#### Data for processing:
===============
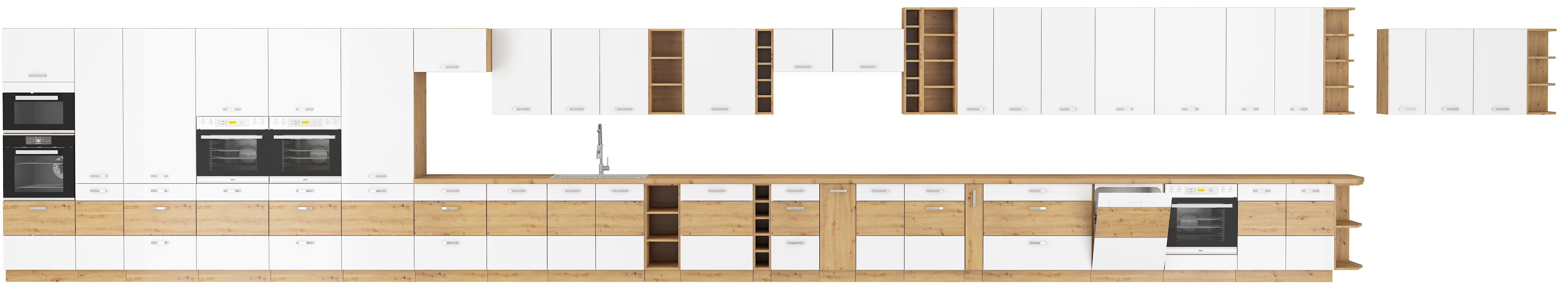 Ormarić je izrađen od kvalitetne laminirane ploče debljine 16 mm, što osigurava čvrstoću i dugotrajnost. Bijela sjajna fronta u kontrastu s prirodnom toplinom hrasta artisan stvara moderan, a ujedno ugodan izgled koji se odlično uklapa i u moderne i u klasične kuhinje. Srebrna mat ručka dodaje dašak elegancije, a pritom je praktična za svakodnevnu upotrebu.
===============
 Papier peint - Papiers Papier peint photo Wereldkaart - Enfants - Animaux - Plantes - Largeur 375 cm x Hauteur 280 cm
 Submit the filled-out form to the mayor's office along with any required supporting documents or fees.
===============
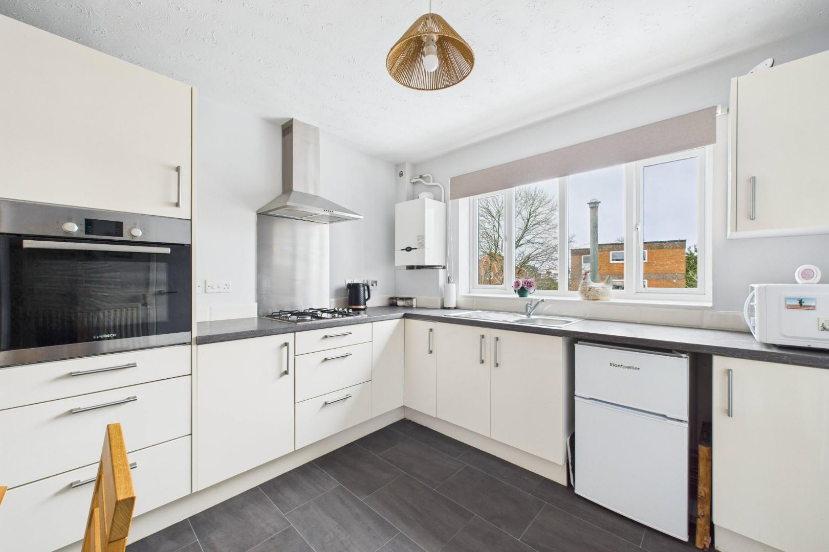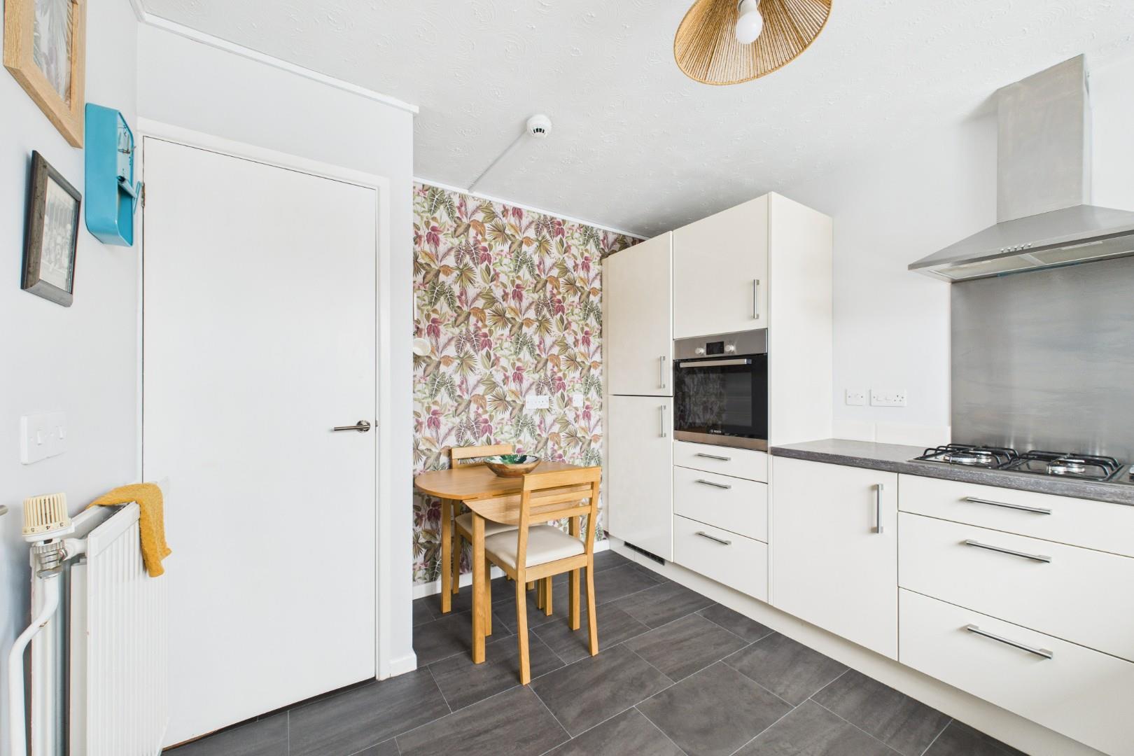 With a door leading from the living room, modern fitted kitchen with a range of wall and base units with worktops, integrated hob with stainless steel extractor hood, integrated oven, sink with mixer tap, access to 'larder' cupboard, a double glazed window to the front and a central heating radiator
===============
#### Requirement:
All lines above from the one holding "Papier peint - Papiers" to the one holding "Submit the filled-out", inclusive, are to be copied exactly; no other line is wanted.

#### Solution:
 Papier peint - Papiers Papier peint photo Wereldkaart - Enfants - Animaux - Plantes - Largeur 375 cm x Hauteur 280 cm
 Submit the filled-out form to the mayor's office along with any required supporting documents or fees.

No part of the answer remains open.